When we decide to do things for the school, we rarely bother to first identify the school’s problem areas, or need areas. Quite naturally, we tend to think from our angle — our skills, our memories and expectations of the school, and our resources. Consequently, we end up with solutions in search of problems. This happens because there is no regular channel to communicate the school’s needs, or alumni’s expectations. There is no forum to exchange views freely, and arrive at a programme of constructive action. Meaningful interventions will result only after a series of interactions, and dialogue. From the school’s side, the lack of an Alumni Relations Office indicates a disinterest in tapping alumni on a long-term basis; from the old boys’ side, LOBA has reduced alumni meetings to food fests (porotta and beef curry parties).

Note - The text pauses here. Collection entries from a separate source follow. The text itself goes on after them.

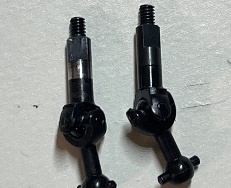 足回りを分解して確認したところ、ユニバーサルシャフト根本側のベアリングの当たりが強く、シャフトが抜けないほど固着気味になっていました。そこで、シャフト径がわずかに細くなるよう軽く加工したところ、ホイールを締め込んでも駆動が重くなる症状は解消しました。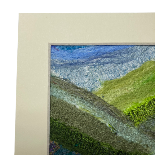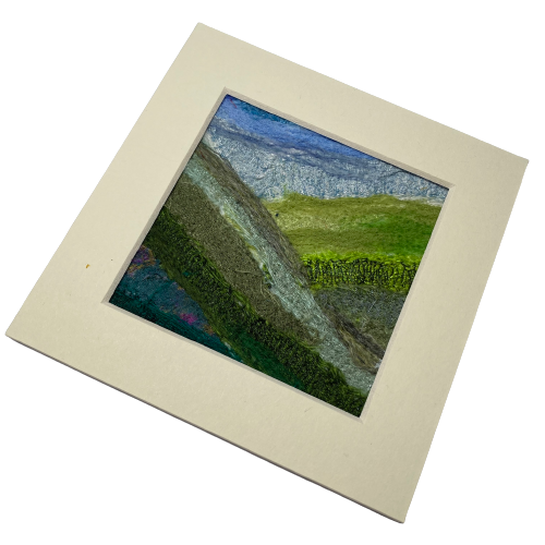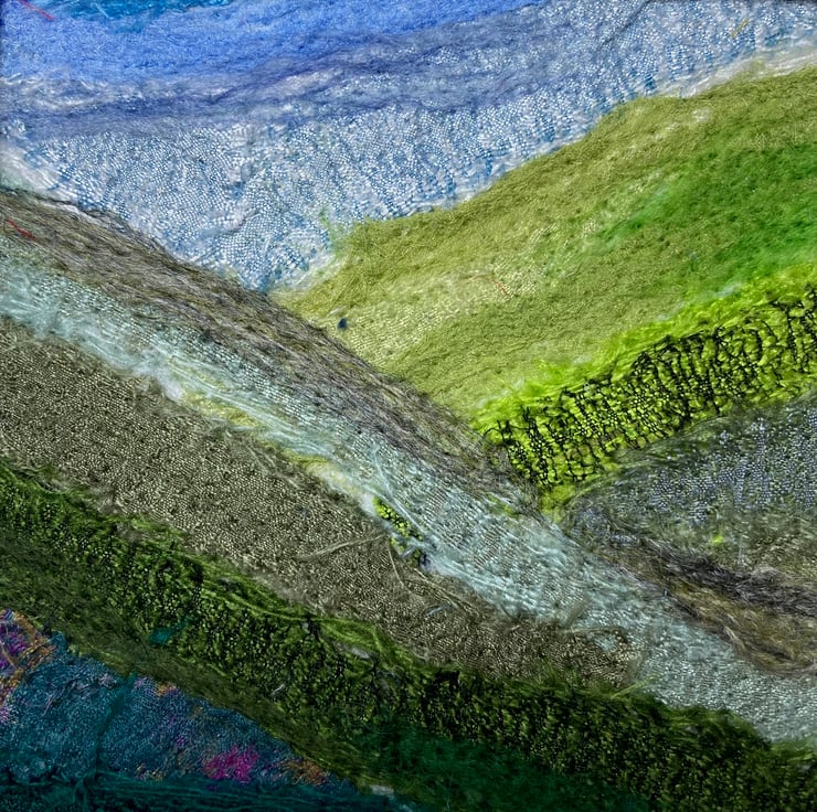A piece of textile art formed using silk fabrics and woollen fibres. Strips of coloured silk fabric and various wool and silk fibres have been needle felted onto a felt background. This process binds the fabric and fibres to the backing felt without the need for stitching. In addition to binding the fabrics, the needle felting creates a beautiful texture to the surface of the picture, with the raw edges of the fabric left exposed in places to add to the artwork.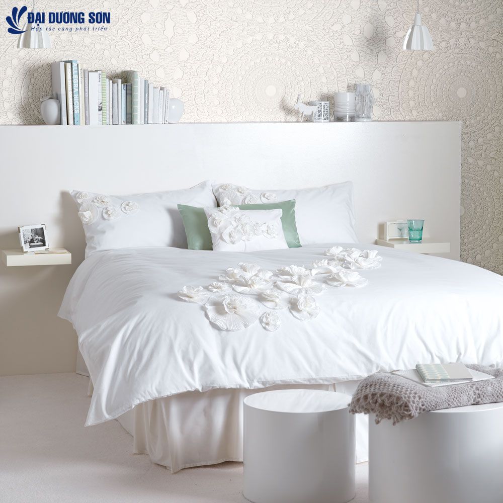 Đơn giản nhưng vô cùng tinh tế, một sơ đồ phòng ngủ toàn màu trắng như thế này chỉ tỏa ra sự quyến rũ. Đặt giấy dán tường có hoa văn ren quá khổ làm điểm khởi đầu cho căn phòng. Với một tờ giấy vừa đủ, bạn có thể tô đậm hoa văn - càng lớn càng tốt. Thêm một tấm ván đầu giường siêu lớn làm từ gỗ MDF sơn trắng bóng cho độ sáng bóng tối đa. Gắn các kệ nổi làm bàn đầu giường và thêm các mặt dây treo thấp để giảm thiểu sự lộn xộn. Bộ khăn trải giường toàn màu trắng là thứ bắt buộc cho diện mạo này - chỉ cần phủ lớp vỏ gối, đệm và các chi tiết ren hoặc móc. Các kết cấu khác nhau là chìa khóa để làm cho sơ đồ ba chiều thay vì phẳng.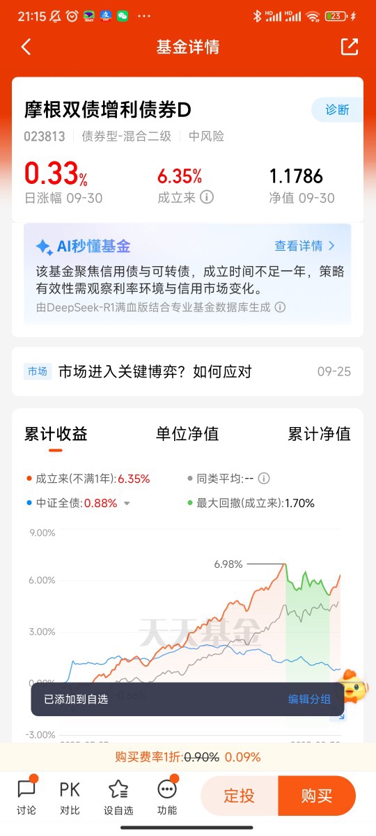 风险控制:作为一款非纯债基金,其波动会高于纯债基金。近一年最大回撤为-3.49%(亦有数据为-5.58%),高于纯债基金,但远低于偏债混合基金和股票基金。一个关键的风险收益性价比指标——夏普比率高达2.66,意味着每承担一单位风险所获得的超额回报非常可观,优于绝大多数同类产品。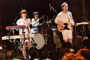 GREAT3はメンバーそれぞれが顔を見あわせながらグルーヴィな演奏を届け、場内にリラックスした雰囲気を作り上げていく。「Last Song」では片寄明人(Vo, G)とjan(B)の美しいコーラスワークが場内に響き渡った。その後バンドは片寄の「懐かしいのやろう」という声を合図に「Little Jの嘆き」を演奏。大いに歓声を浴びた彼らは「男を騙す悪い女の歌」だという「レイディ」につなげる。ラストナンバーは白根賢一(Dr)のハスキーな歌声が印象的な「マイ・ウェイ」。演奏が終わると片寄は「サンキュー! 次はAwesome City Club!」と声を上げてACCへとバトンをつないだ。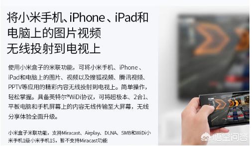 无线投屏只需要下载一个小米投屏神器,就可以将手机里面的内容以电视屏幕的形式展现出来,比如在商务会议、家人朋友聚会时,还一群人挤在手机屏前看照片。通过“米联”能够将小米手机或iPhone、iPad上的图片、视频、音乐一键投放在电视上。还能让将小米手机变身超炫电视遥控器。解放你被小屏关押的手机视觉!还可以通过手机给盒子安装一些应用,非常方便。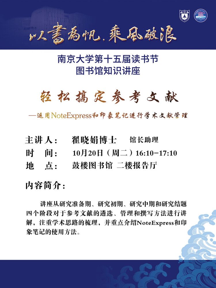 【讲座信息】10月20日图书馆知识讲座之轻松搞定参考文献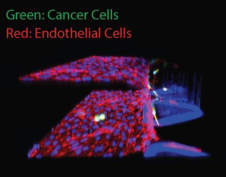 (2)內(nèi)滲:腫瘤細(xì)胞通過(guò)內(nèi)滲轉(zhuǎn)移進(jìn)入循環(huán)系統(tǒng)是癌擴(kuò)散至關(guān)重要的一步。AIM芯片可以在接近于腫瘤微環(huán)境的情況下創(chuàng)建內(nèi)皮單層,然后就此作為癌癥細(xì)胞內(nèi)滲的模型。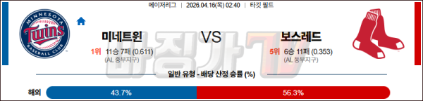 2026-04-16 MLB 미네소타 보스턴 MLB분석 무료중계 스포츠분석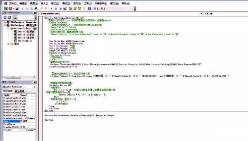 ③进入后,即可看到熟悉的VB窗口了。在按钮属性中,插入如下的代码。

Notably, unlike the 1977 batch which associates with LOBA, the 1984 batch is implementing its ideas directly. It is a bold move, and if you ask me, a wise one; resident sceptics of LOBA’s executive committee would have formed a sub-committee to kill such wide-ranging proposals. Interestingly, the school too backed 1984’s efforts. Is this is a signal for other batches to deal directly with the school? Or a signal to LOBA to pull up its socks?
Discuss: What are your thoughts on giving back to the school? How can you contribute? What prevents you from chipping in?